We followed the truck down a narrow, unpaved road and began to get an impression of Cabanaconde: a grid of narrow unpaved roads lined with adobe houses, mainly roofed with galvanized steel sheets. There were animals in almost all the courtyards. A few hundred yards down the street, the truck stopped in front of a low, white building, identified as "INSTITUCION EDUCATIONAL INICIAL CABANACONDE," and the mountain rescue men started unloading the truck.
Norma ushered us into her kindergarten. About forty little kids were sitting against the walls of the large courtyard, beneath a large brownish yellow mural, with Peace written on it in Hebrew, Spanish, and Arabic. An Israeli, who had signed his name as Lior, had preceded us in Cabanaconde!
While they were unpacking the things we had bought, I went over and sat with the children. Once had I taken a couple of pictures of them and showed them the pictures on the display of my digital camera, I was mobbed - what a pleasure!
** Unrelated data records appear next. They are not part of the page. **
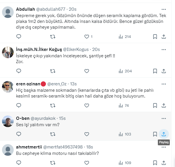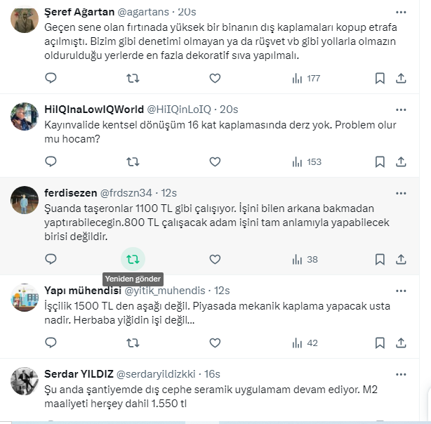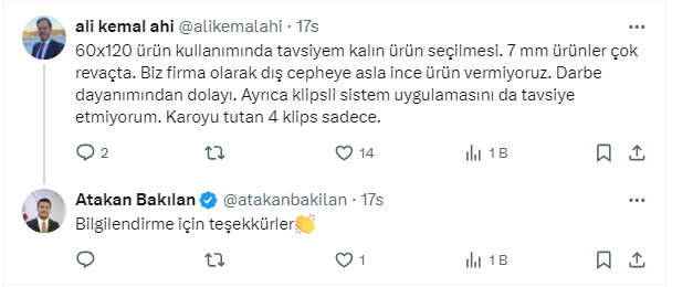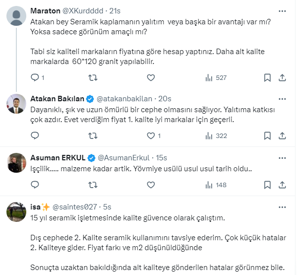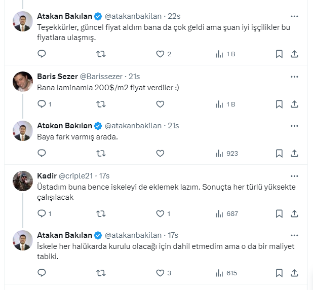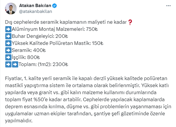 Atakan Bakılan https://x.com/atakanbakilan X sosyal medya hesabından yaptığı paylaşımda dış cephe seramik kaplamasının bedelini kalem kalem çıkardı. Bakılan’ın hesabı şöyle: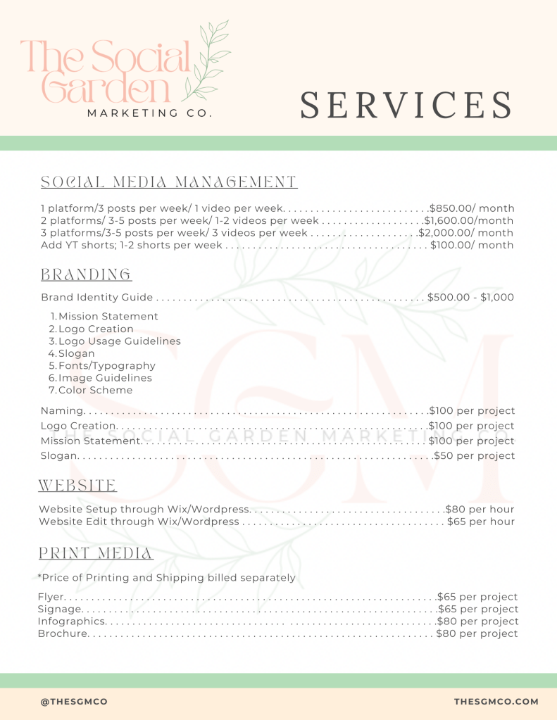 At The Social Garden Marketing Co., we offer a range of services designed to help brands grow and succeed, right where they’re planted. Our goal is to educate and empower our clients, guiding them toward long-term success in their marketing endeavors through personalized consulting, while still providing the services they need to achieve immediate results.
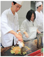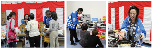 飲食コーナーではひっきりなしにお客様が来てとても賑やかです。ガスコンロで簡単に作れる炊き込みご飯!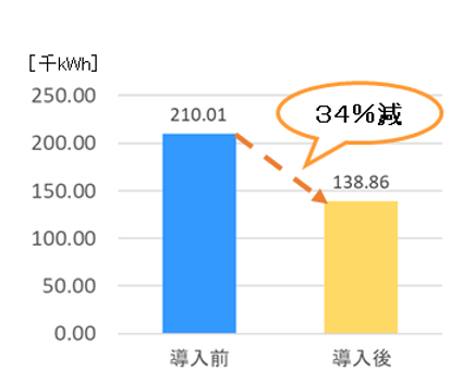 空調設備については、使用機器の圧縮機と制御基板を最新のものに入れ替える『レトロフィット・メンテナンスプラン』を採用し、省施工ながらも経年劣化による不具合の解消と省エネを実現しました。更に当社の遠隔監視による運転データの分析で、季節ごとの省エネスケジュールを設定し、空調設備の消費電力量を約34%削減しました。職員による操作や設備運営の負担が削減されたことで、運営コストの削減・担当職員の他業務へのシフトが可能になり、人員不足の解消と省エネ施策の定着にもつながりました。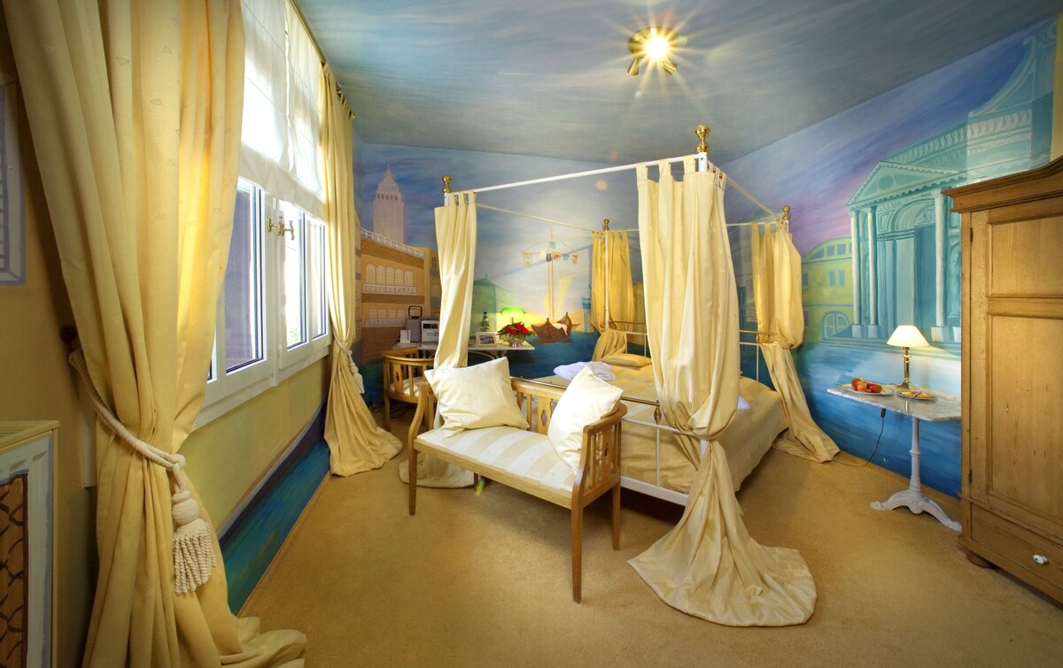 Nuestra suite Thousand and One Nights es un sueño árabe de blanco. Los detalles cuidadosamente seleccionados y los patrones orientales te invitan a viajar al mundo de los héroes de los cuentos de hadas Aladino, Alí Babá y Simbad. El espacioso diseño con espacio para dormir, vestirse, vivir y trabajar te da suficiente espacio para desarrollar tu imaginación. ¡Diviértete explorando nuestra suite y (mil y una)una noche inolvidable!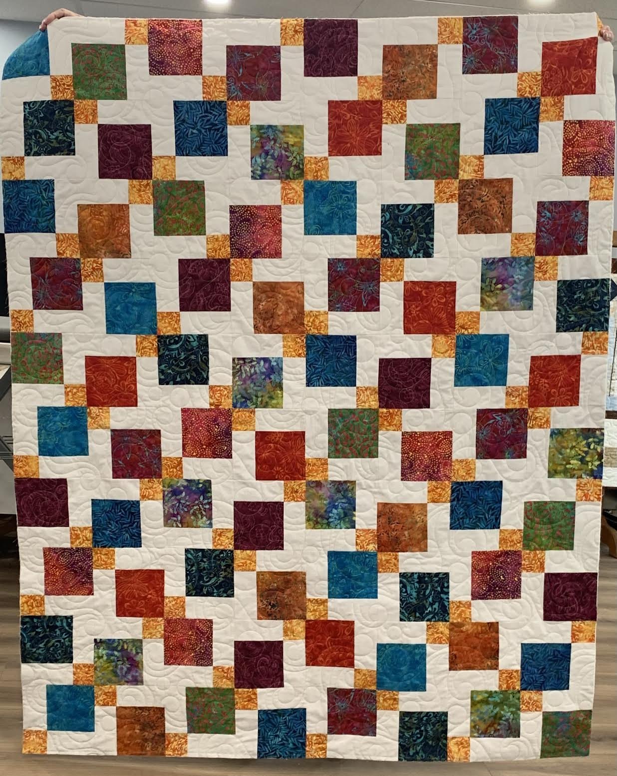 | Requirements: | Sewing machine and manual Basic sewing kit which includes: Thread and bobbin, Scissors, 1/4" foot for sewing machine (if available), Seam ripper, 6 1/2" x 12" ruler (if available), Quilting pins, Rotary cutter Quilt Requirements: (Does not include backing, batting) Background fabric - 1.3 m; Fabric for blocks - 5" x WOF each of 10 fabrics OR 80 (5") squares OR 1.3m of single colour; Accent fabric - 0.6 m; Binding - 0.45 m |

Then the ceremony began. Cabezon, the driver, organized the pupils into lines, and they sang some songs for us. The teacher who led them in singing clearly enjoyed what she was doing. The children were all clean and well-behaved. They stood quietly in their lines while we gave each of them a notebook and a couple of pencils.
The mayor of the village and the governor of the district (a man appointed by the central government) were in attendance. In the end, as we were leaving, Norma draped necklaces of dried corncobs around our necks. Then we headed for the elementary school for a more elaborate ceremony.
At the kindergarten we also met Dante, a young man with a smooth, brown face who spoke pretty good English. In fact he told us that he taught it in an adult education program that he had set up. His son was one of the kids in the kindergarten, and he'd been invited to attend the ceremony.